About SteadMark

    Purpose

    Paramedicine taught me that change only happens when people feel read, not pushed. Middle managers get handed the rollout and no way to tell how their teams are actually responding, so they guess. Guessing is where change breaks. SteadMark exists to give managers the read they need to lead.

    Mission

    SteadMark reads the patterns already flowing through the team channels you connect, starting with Slack. It matches what it finds to 12 established change management frameworks and tells managers what to do today, this week, and this month. OCM teams get the aggregate read across every manager. Managers stop guessing how to get adoption. They start leading it.

    Vision

    In three years, SteadMark will be the default tool middle managers reach for when leading change, the way pulse surveys became the default for engagement. Framework-backed action, grounded in what your people are actually saying, not what a consultant assumed six months ago.

    The frameworks behind SteadMark

    SteadMark does not invent change theory. It operationalizes it. Every recommendation references one or more of the 12 established change-management frameworks below, matched to the pattern detected in your team's communications.

    Individual change model

    ADKAR® (Prosci®)

    Awareness, Desire, Knowledge, Ability, Reinforcement as the five stages of personal adoption.

    Organizational change model

    Kotter's 8-Step Process

    Urgency, coalition, vision, communication, empowerment, wins, acceleration, anchoring.

    Foundational theory

    Lewin's Change Model

    Unfreeze, Change, Refreeze. The original framework for organizational transition.

    Psychological transition

    Bridges' Transition Model

    Ending, Neutral Zone, New Beginning. Focuses on the internal experience of change.

    Practitioner framework

    Prosci® 3-Phase Process

    Prepare, Manage, Sustain. The operational wrapper around ADKAR.

    Project health diagnostic

    PCT® (Prosci Change Triangle®)

    Success, Leadership/Sponsorship, Project Management, Change Management. Assesses whether all four aspects of a change initiative are healthy.

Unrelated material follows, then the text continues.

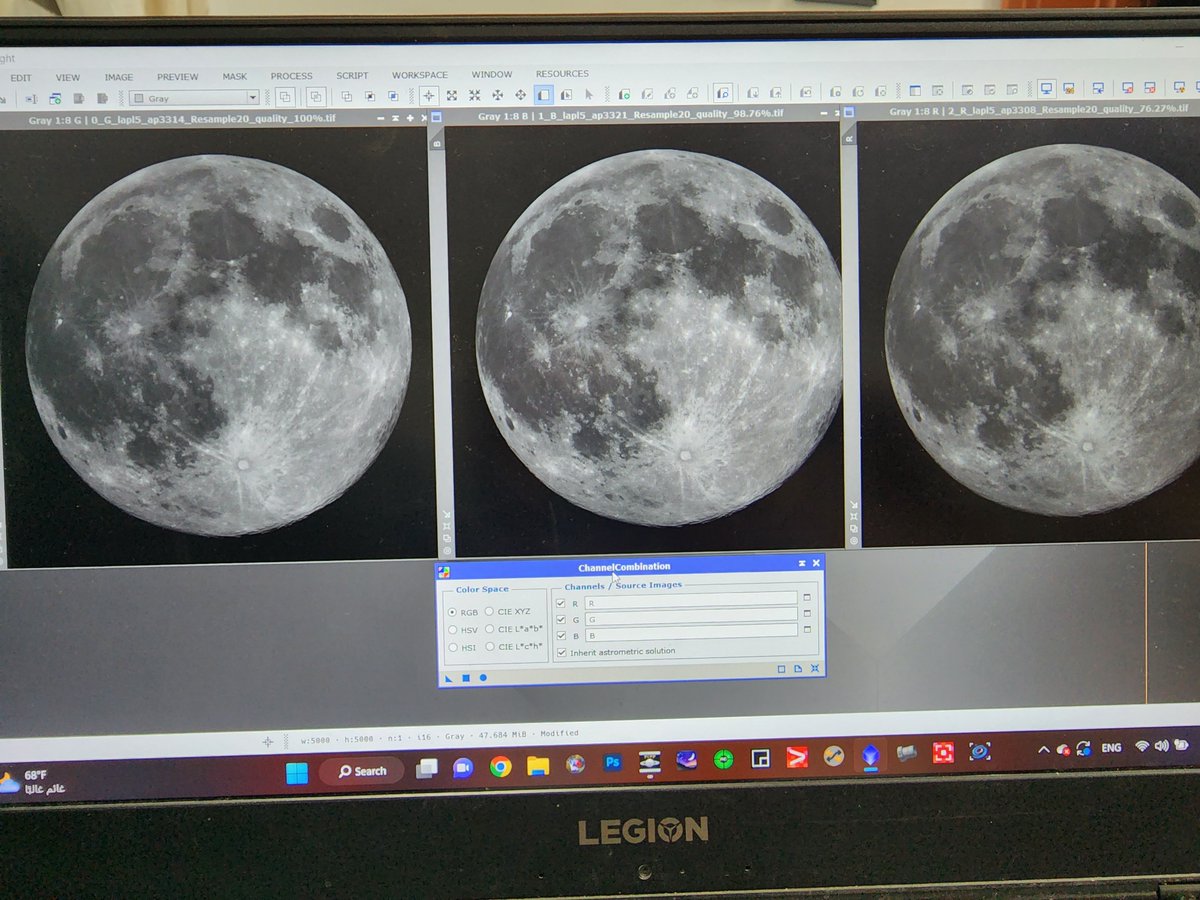 بعد ما دمجنا ال 3 قنوات وصار عندنا صورة ملونة RGB .. ندخل الصورة في برنامج RegiStax عشان نزيد من حدة تفاصيل القمر.

    Organizational alignment

    McKinsey 7S

    Strategy, Structure, Systems, Shared Values, Style, Staff, Skills. Diagnostic for systemic change readiness.

    Emotional response

    Kubler-Ross Change Curve

    Denial, Anger, Bargaining, Depression, Acceptance. Adapted from grief research for workplace transition.

    Group dynamics

    Satir Change Model

    Late Status Quo, Resistance, Chaos, Integration, New Status Quo. Used in team-level change.

    Continuous improvement

    PDCA (Deming Cycle)

    Plan, Do, Check, Act. The iterative engine behind most modern change programs.

    Behavioral economics

    Nudge Theory (Thaler and Sunstein)

    Small environmental changes that make the desired behavior the path of least resistance.

    Implementation framework

    PCI® (People Centered Implementation, Changefirst®)

    Six critical success factors: shared change purpose, effective change leadership, powerful engagement processes, committed local sponsors, strong personal connection, sustained personal performance.

    ADKAR®, Prosci®, PCT®, and Prosci Change Triangle® are registered trademarks of Prosci Inc. Changefirst® and PCI® are trademarks of Changefirst Ltd. All other framework names are the property of their respective authors or organizations. SteadMark references these frameworks for educational purposes and is not affiliated with, endorsed by, or certified by any of the above organizations. See our trademark notice for details.

    Why do people resist organizational change?

    Resistance is not a personality trait. It is a response to an unmet need. Self-Determination Theory, developed by Edward Deci and Richard Ryan in 1985 and refined across four decades of research, identifies three needs that drive human motivation at work: competence, autonomy, and relatedness. When a change threatens one of these, people resist. Each kind of resistance looks different, and each one responds to a different kind of invitation.

    Competence

    The person is worried they cannot do the new thing. The answer is a teacher role. Ask them to train the pilot team on the part they already know, or to own the rollout checklist. Their standing rises as they help others, and their own confidence follows.

    Autonomy

    The person feels done-to. The answer is design authority over a bounded decision inside the initiative. Not the whole thing. One specific piece they get to shape, whether that is the rollout sequence, the tool choice, or the format of the team's standups during transition.

    Relatedness

    The person fears losing status or relationships with their peers. The answer is a visible champion role that ties their standing to the change succeeding. Pilot team lead, office hours host, feedback liaison.

    SteadMark detects which of these three is driving each person's resistance, matches it to a role that fits your authority as a manager, and hands you the specific ask to make. The conversation is still yours to have. SteadMark just tells you which one is worth having today.